Кунцевич только кивнул головой.
– Теперь же, когда верхушка обезврежена, мы можем идти дальше и с дороги убирать излишние элементы.
– Но…
– Мечислав Николаевич, не я придумал, а наш народ, что лес рубят, щепки летят.
– Но щепками могут оказаться не только враги, но и лояльные граждане.
– Могут, – подхватил полковник, – конечно, могут, но ведь мы печёмся о благе государства, а не отдельных лиц. Вы можете сказать, что само государство и состоит из этих самых лиц. Но посудите, лучше пусть пострадает десяток, сотня, ну, даже тысяча лиц, чем вся страна. На карту поставлена жизнестойкость Отечества. Да, я говорю высокопарно, но такова истина.
– Прекрасный коньяк, – Кунцевич поставил рюмку на стол, понимая, что ничего он более не узнает. Игнатьев, недаром столько лет служил в жандармском управлении, чтобы свои мысли прятать за кучей ничего не значащих слов.
Полковник поднял бутылку и разлил по рюмкам коньяк.
– Переходите к нам на службу, Мечислав Николаевич, под моим началом создаётся новое управление по борьбе со всяким иномыслием, возглавите одно из отделений, как опытный сыщик.
– Я подумаю.
Через час Кунцевич был на Офицерской.
Аркадий Аркадьевич с утра так и не вышел из кабинета.

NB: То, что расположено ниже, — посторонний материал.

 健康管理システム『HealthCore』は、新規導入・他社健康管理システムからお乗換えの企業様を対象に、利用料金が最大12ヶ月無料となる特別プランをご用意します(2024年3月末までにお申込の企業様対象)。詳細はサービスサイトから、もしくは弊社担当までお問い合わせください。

Сыскные, а ныне уголовные сотрудники находились в комнате агентов. Жизнь в стенах отделения, казалось, замерла. Ни хождения, ни работы с документами, ни арестованных, ни допросов.
– Как прошли переговоры высоких сторон? – Кирпичников без тени ёрничества отложил в сторону газету.

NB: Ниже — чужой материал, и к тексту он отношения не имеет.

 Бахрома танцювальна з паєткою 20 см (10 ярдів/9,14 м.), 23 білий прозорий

– Можно было не ездить, – признался Мечислав Николаевич, – одни пустые слова, я понял одно, жандармское управление, как феникс из пепла, будет возрождено, но под другой вывеской.
– Сиего события следовало ожидать, государство всегда защищается, как от внешних, так и внутренних врагов.
– Из беседы я вынес одно, сыскная, простите, уголовная полиция не так нужна, как политическая.
– Вы часом не получили предложения от полковника Игнатьева?
– Получил, – признался с улыбкой Кунцевич.
– И каковы ваши дальнейшие планы?
– Не знаю, – честно признался Мечислав Николаевич, – если будет распущено наше отделение, то я останусь без средств к существованию, а у меня семья, – горестно произнёс помощник.
– Я понимаю вас, Мечислав Николаевич, – с серьезным выражением лица и металлическими нотками сказал Кирпичников.
– А вы?
– Уеду к семье, может быть, там, в провинции, найду себе дело. Сегодня уже поздно, а вот завтра навещу нашего министра и в отставку. Больно наблюдать, как рушиться дело, которому ты служил столько лет. Больно.
Часть вторая. Дело о разбойном нападении
1.
Между двумя фонарями стояла небольшая группа людей, один из которых ступил на дорогу и поднял руку. Было темно и шофёр, скорее угадывал, нежели видел, что зажато в ладони у ступившего вперёд человека.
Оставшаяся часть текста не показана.